Mungkin kamu, temanku, sudah berkali-kali mendengar dari orang tuamu bahwa harus mempersiapkan segala sesuatu sebelumnya. Tetapi hanya sedikit dari kita yang benar-benar melakukannya. Dan mengapa sih harus menyiapkan tas sekolah sebelumnya?
Itulah yang dipikirkan oleh seorang anak laki-laki bernama Budi. Hampir setiap pagi dia bersama ayahnya terlambat, entah ke sekolah atau ke kantor.
Begitulah juga pagi ini…
Ayah, apakah kamu melihat tas ranselku? Di mana seragam sekolahku?
Teriak Budi sambil berlari di koridor.
Nak, ayah sedang terburu-buru ke kantor. Ayo cepat bersiaplah.
Jawab ayah dengan kasar.
Ayah, aku juga terlambat ke sekolah. Bahkan tas ranselku hilang.
Tanya ke ibu. Ayah juga tidak bisa menemukan dasi ayah.
Kemudian ibu keluar ke koridor. Dia memberikan tas ransel yang sudah disiapkan kepada Budi dan menyerahkan dasi ayah.
Itulah mengapa aku selalu mengatakan kepada kalian bahwa barang-barang dan tas sekolah harus disiapkan sebelumnya.
Kata ibu dengan tegas namun tenang.
Tetapi tidak ada yang mendengarkan. Budi dan ayah sangat terlambat. Mereka cepat-cepat turun tangga dan melompat ke dalam mobil.
Sekarang kita tidak akan terlambat.
Kata ayah dengan lega.
Tetapi ketika dia keluar ke jalan, dia melihat kemacetan yang sangat besar. Hal ini terjadi karena musim dingin tahun ini datang lebih awal dari biasanya. Salju turun pada malam hari. Banyak pengemudi mobil tidak sempat mempersiapkan kendaraan mereka untuk musim dingin. Termasuk ayah Budi.
Dia juga tidak mempersiapkan mobilnya untuk musim dingin sebelumnya. Sayang sekali… Justru karena itu banyak kecelakaan di jalan pada hari itu.
Budi melihat bagaimana satu mobil tergelincir parah di tikungan, dan hampir saja menabrak tiang.
Ayah, betapa mengerikan.
Teriak Budi sambil menunjuk ke mobil yang terparkir di pinggir jalan.
Ya, nak. Mobil harus disiapkan untuk musim dingin sebelumnya.

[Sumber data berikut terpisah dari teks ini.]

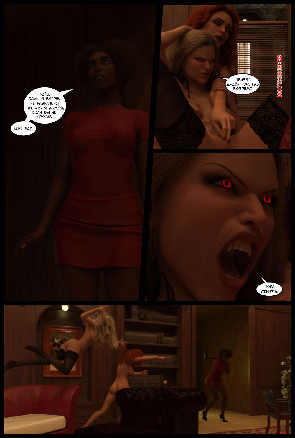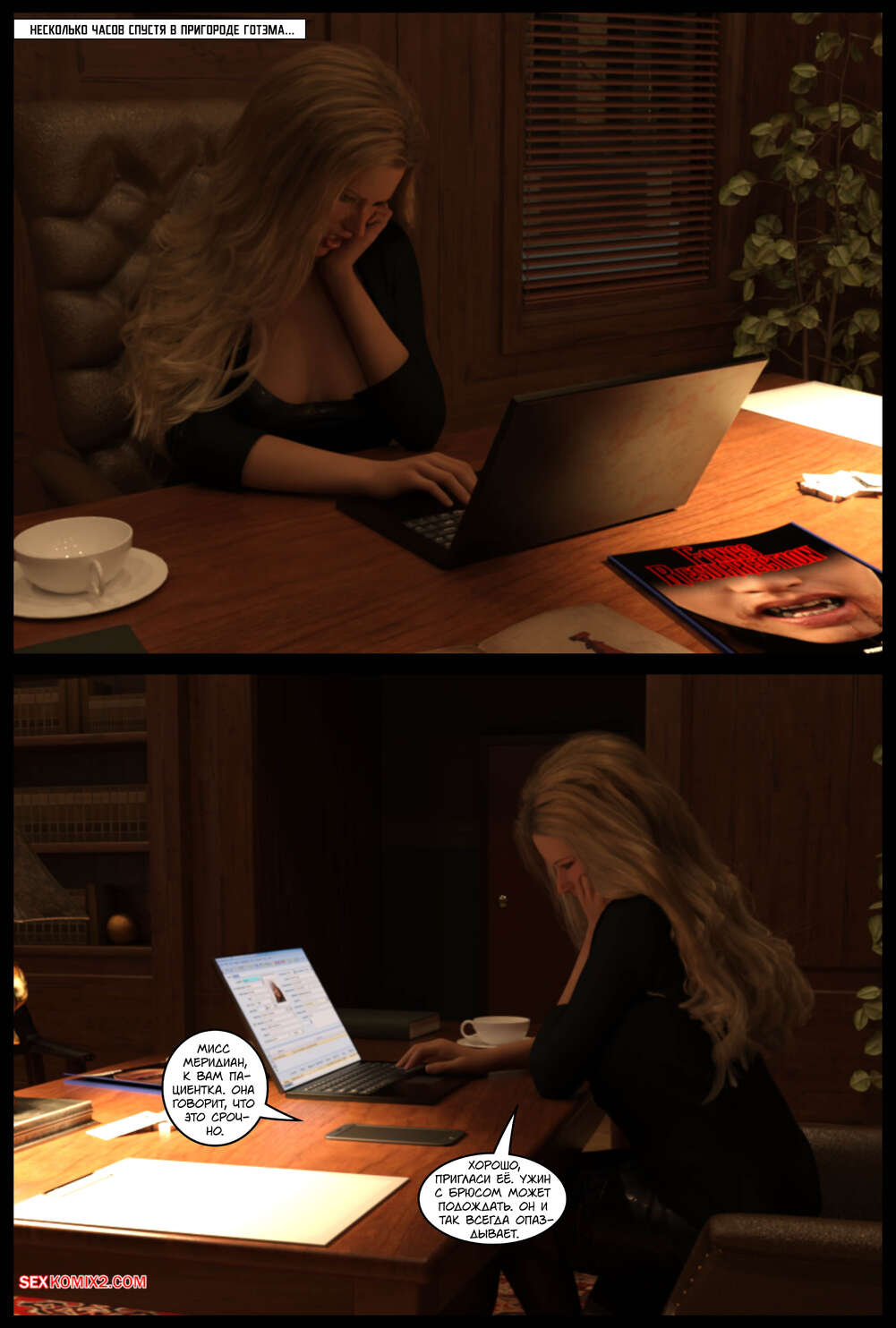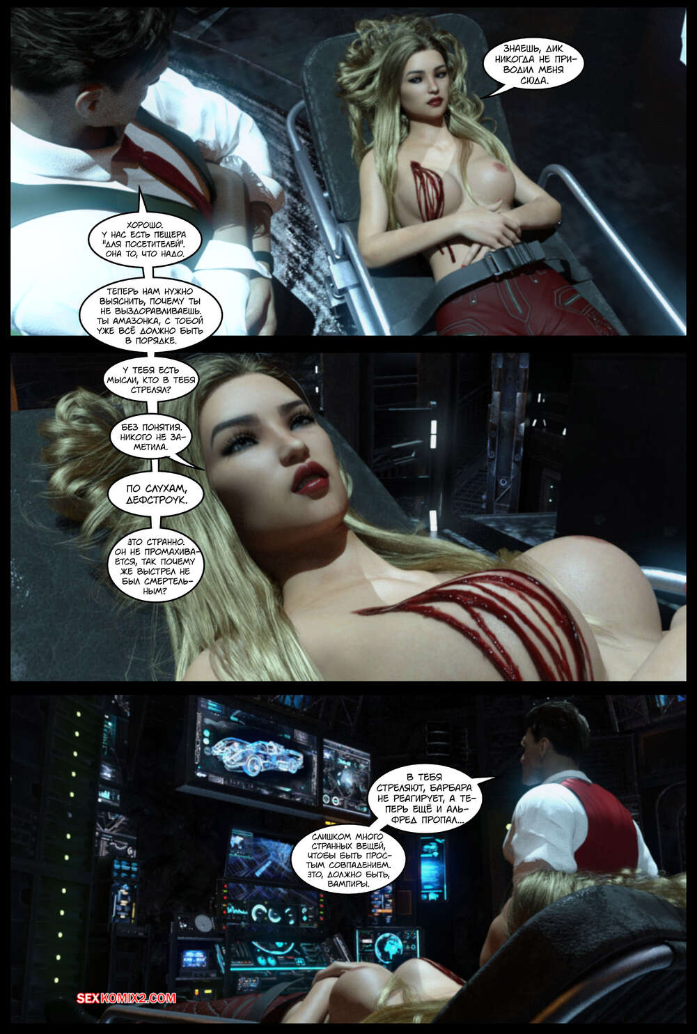 ΠΠΎΡΠ½ΠΎ ΠΊΠΎΠΌΠΈΠΊΡ DC. ΠΠ°ΠΌΠΏΠΈΡΡ DC. DC Vampires. Gotham Underworld. Cantraps Π ΠΎΠ±ΠΈΠ½ ΠΏΡΠΈΠ²Π΅Π» Π² ΠΎΡΠΎΠ±Π½ΡΠΊ ΡΠ΅ΠΊΡΡΠ°Π»ΡΠ½ΡΡ Π±Π»ΠΎΠ½Π΄ΠΈΠ½ΠΊΡ ΠΈ ΠΎΡΠΏΡΠ°Π²ΠΈΠ»ΡΡ Ρ Π½Π΅ΠΉ Π² ΡΠΏΠ°Π»ΡΠ½Ρ. ΠΡΠ°ΡΠΎΡΠΊΠ° ΡΠ°Π·Π΄Π΅Π»Π°ΡΡ ΠΈ ΡΠ°Π·Π΄Π²ΠΈΠ½ΡΠ»Π° Π½ΠΎΠΆΠΊΠΈ ΠΏΠ΅ΡΠ΅Π΄ ΠΏΠ°ΡΠ½Π΅ΠΌ, ΠΏΠΎΡΠ»Π΅ ΡΠ΅Π³ΠΎ Π΄Π°Π»Π° Π΅ΠΌΡ ΡΠ΅Π±Ρ ΠΊΠ°ΠΊ ΡΠ»Π΅Π΄ΡΠ΅Ρ Π²ΡΠ΅Π±Π°ΡΡ.

Dan sebaiknya jangan melakukan putaran tajam dalam cuaca seperti ini.
Ayah Budi sangat menyesal karena dia tidak mempersiapkan mobilnya untuk musim dingin. Karena perjalanan hari itu benar-benar sulit.
Ayah Budi termenung, tetapi pemikirannya terganggu oleh anaknya.
Tahu tidak, Yah. Ibu tidak salah ketika terus mengatakan kepada kita bahwa semua harus dilakukan sebelumnya. Jika aku kemarin malam sudah menyiapkan tas ranselku, aku tidak akan menghabiskan banyak waktu pagi ini untuk mencari perlengkapan sekolahku, dan kita tidak akan terlambat.
Kamu benar, nak. Semua harus dilakukan sebelumnya.
Jawab ayah, yang bahkan merasa malu karena tidak mengikuti nasihat berharga dari istrinya.